Directions for this task:
Pick out each line of the records that includes the string "Kalwaria", and copy it.
------------------------------------------------------------------------
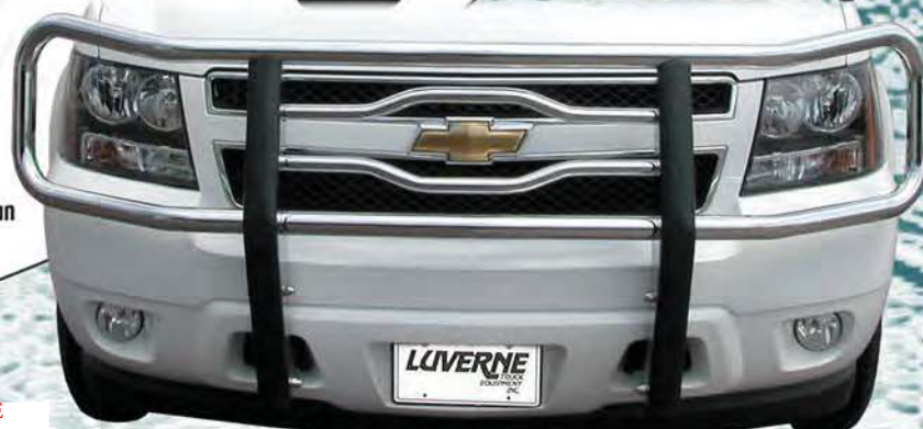
2007-2013 Chevrolet Suburban 2" Tubular Grille Guard
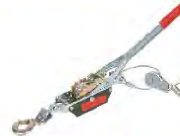
PART #: JIB-2TB1
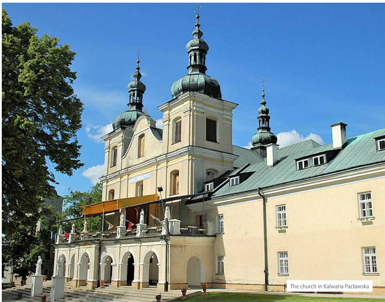
The church in Kalwaria Pałacowska

importance as pilgrimage sites. Known as the “Jerusalem of the East”, by some, or “Jasna Góra Podkarpacia” [Luminous Mount of Subcarpathia] by others, Kalwaria Pałacowska has been waiting for this moment for almost four centuries.
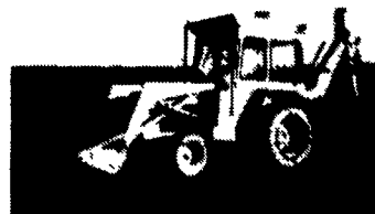
JD 310A, Excellent $10,500

WE ARE BUYERS FOR CONSTRUCTION EQUIPMENT NEEDING REPAIRS
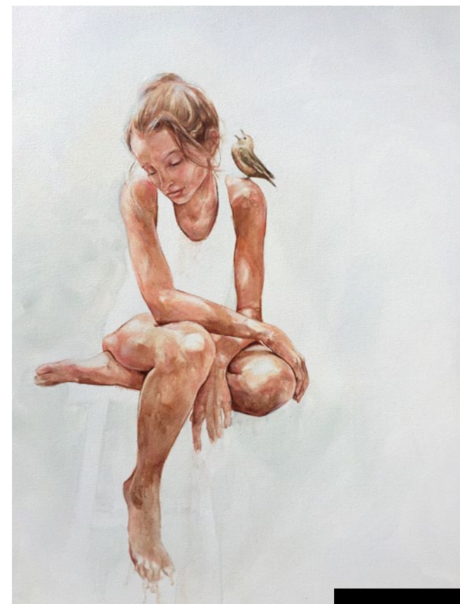
'Like a bird III', Oil on canvas, 90cm x 70cm

I need to be true to myself and to my work, bold enough to explore, unravel and discover - and at the end of the day courageous enough to share that with the world. I experience the translucency of ink as a very honest medium. Often the real challenge lies in the ability to see the emotional and the imperceptible, and to give it form, life and a sense of tangibility.
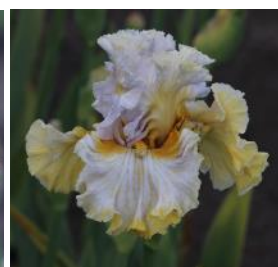
Think Diamonds Blyth, 2021
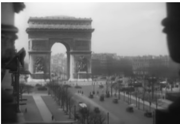
Fig. 8. Michael Curtiz, Casablanca , 1942. Still from film.
------------------------------------------------------------------------
Answer space:
The church in Kalwaria Pałacowska
importance as pilgrimage sites. Known as the “Jerusalem of the East”, by some, or “Jasna Góra Podkarpacia” [Luminous Mount of Subcarpathia] by others, Kalwaria Pałacowska has been waiting for this moment for almost four centuries.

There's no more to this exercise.